Nugent's translation says

Pascha, is ranked in this number [of nouns found only in the singular] by Aldus and by Verep [I think this is Simon Verep(a)eus/Verrept]. Yet Vossius thinks we may say tria Pascha, or tres Paschas Christus celebravit.

(p. 155; here is a link to the original French passage, p. 180)

I assume tres Paschas would be feminine, rather than masculine, so that part doesn't really teach me anything new (since I already knew that some authors use Pascha as a feminine noun of the first declension). But tria Pascha is evidence that Vossius at least preferred to use a plural form identical to the singular when the word is neuter (and not given the stem Paschat-).

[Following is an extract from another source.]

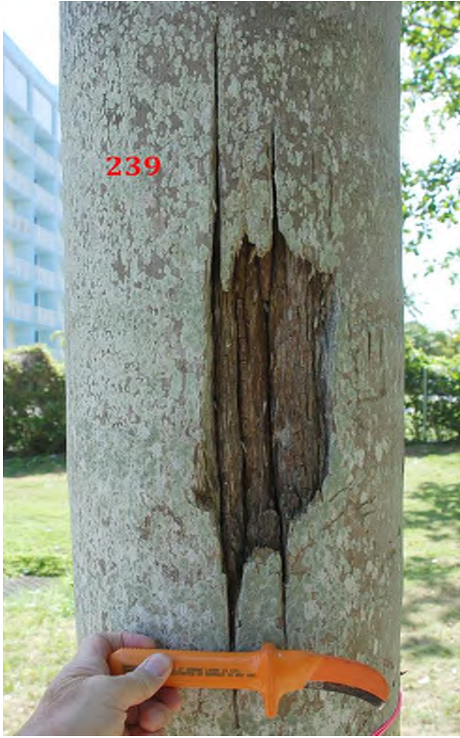
Photo 134 above is the cracked and damaged trunk of palm 239. This palm should be removed. The orange knife is 7 inches in length.

There are neuter plural forms ending in -gena (although I don't know whether they are first or second declension forms)

It's a bit hard for me to figure out the situation with first-declension adjectives because many of them seem to have had alternative second-declension forms used for the masculine and neuter, such as indigenus and alienigenus. Unfortunately, neuter nominative/accusative forms ending in -a are morphologically ambiguous: while they might be the first-declension forms that I speculated could exist in my original post, they might also just be second-declension forms. So the following evidence does not establish the existence of a specifically first-declension neuter plural ending -a for adjectives of this type.

The Latin Lexicon/Numen entry for aliēnigenus, aliēnigena, aliēnigenum mentions two examples of the form aliēnigena being used by Valerius Maximus to modify a neuter plural noun. Here are the relevant sentences as given by the PHI Latin Texts corpus:

  • Adici nostris duo eiusdem generis alienigena exempla non absurde possunt.

    (Facta et Dicta Memorabilia 1.5(ext).1.1)

  • quas Athenas, quam scholam, quae alienigena studia huic domesticae disciplinae praetulerim?